== WHAT TO PRODUCE ==
Output only the lines that run from the line holding "Mod de preparare: Pastele" to the end of the data below, including both ends, without any pictures.

== SOURCE MATERIAL ==
········

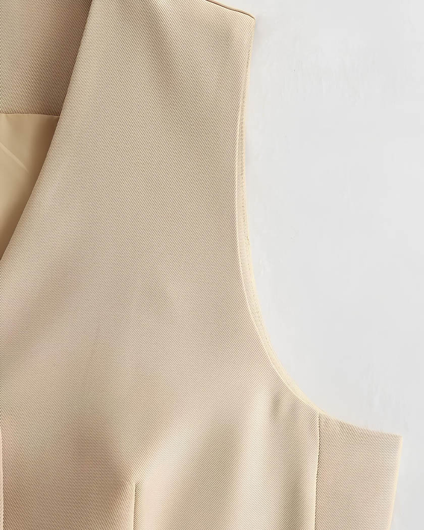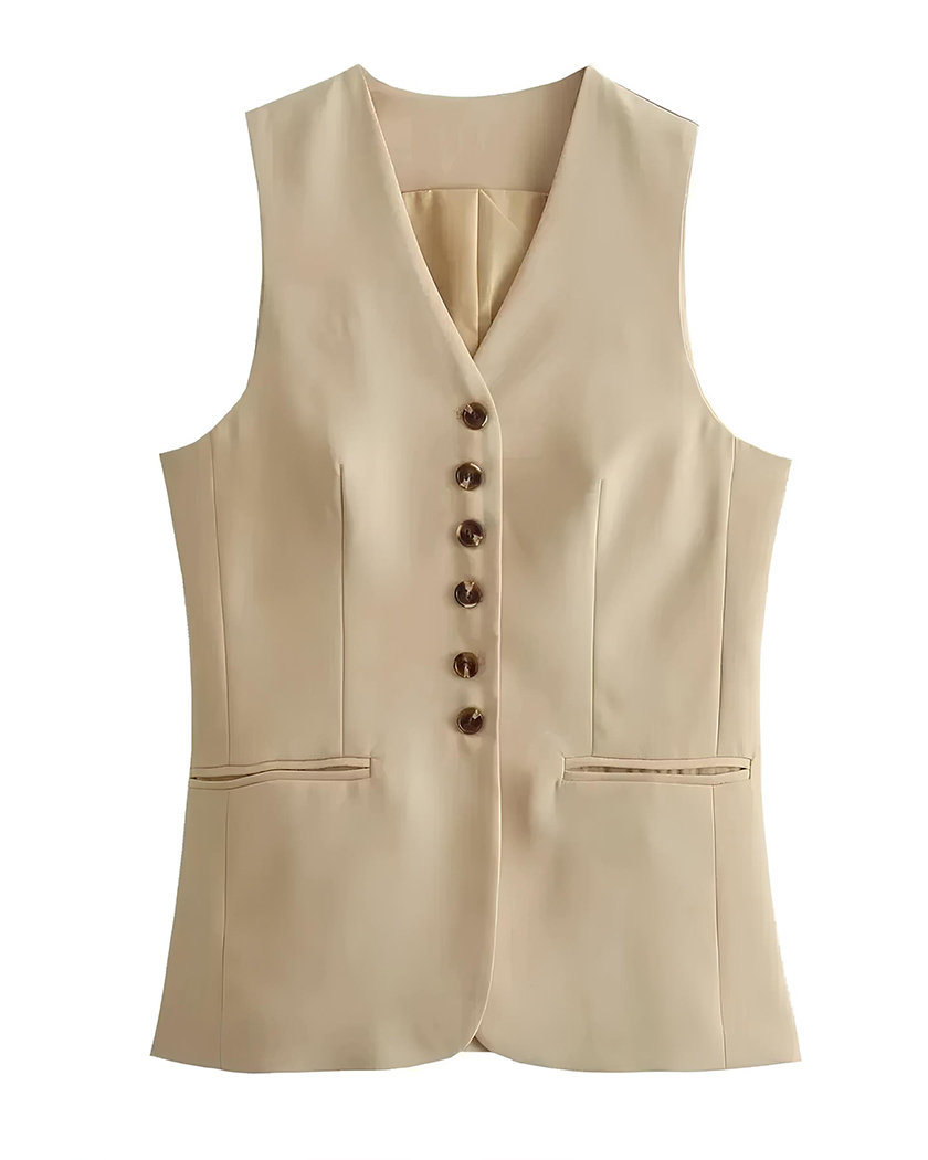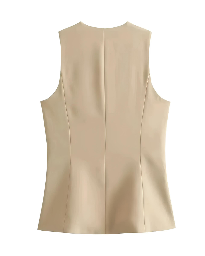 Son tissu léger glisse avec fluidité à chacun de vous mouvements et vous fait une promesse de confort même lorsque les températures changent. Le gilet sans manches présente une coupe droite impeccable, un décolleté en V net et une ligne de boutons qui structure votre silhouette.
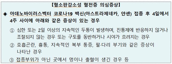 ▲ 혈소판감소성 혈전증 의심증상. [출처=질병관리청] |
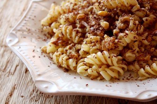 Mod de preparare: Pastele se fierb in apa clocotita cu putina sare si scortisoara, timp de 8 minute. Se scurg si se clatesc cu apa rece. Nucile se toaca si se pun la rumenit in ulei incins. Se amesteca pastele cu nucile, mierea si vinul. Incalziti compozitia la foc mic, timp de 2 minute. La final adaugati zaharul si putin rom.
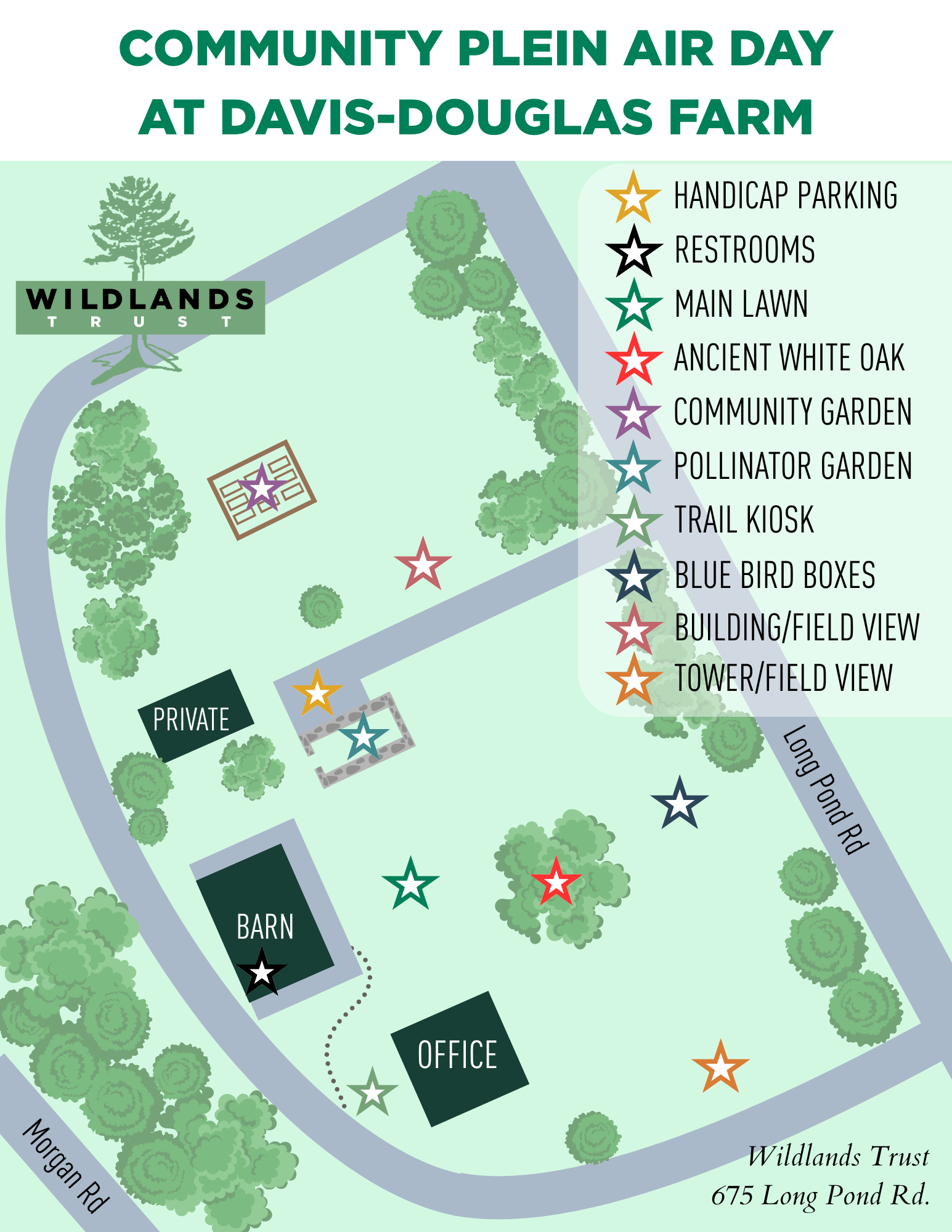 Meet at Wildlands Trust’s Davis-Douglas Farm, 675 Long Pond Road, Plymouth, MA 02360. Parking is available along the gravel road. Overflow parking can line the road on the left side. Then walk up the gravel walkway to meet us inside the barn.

········

== RESULT FOR THIS EXERCISE ==
 Mod de preparare: Pastele se fierb in apa clocotita cu putina sare si scortisoara, timp de 8 minute. Se scurg si se clatesc cu apa rece. Nucile se toaca si se pun la rumenit in ulei incins. Se amesteca pastele cu nucile, mierea si vinul. Incalziti compozitia la foc mic, timp de 2 minute. La final adaugati zaharul si putin rom.
 Meet at Wildlands Trust’s Davis-Douglas Farm, 675 Long Pond Road, Plymouth, MA 02360. Parking is available along the gravel road. Overflow parking can line the road on the left side. Then walk up the gravel walkway to meet us inside the barn.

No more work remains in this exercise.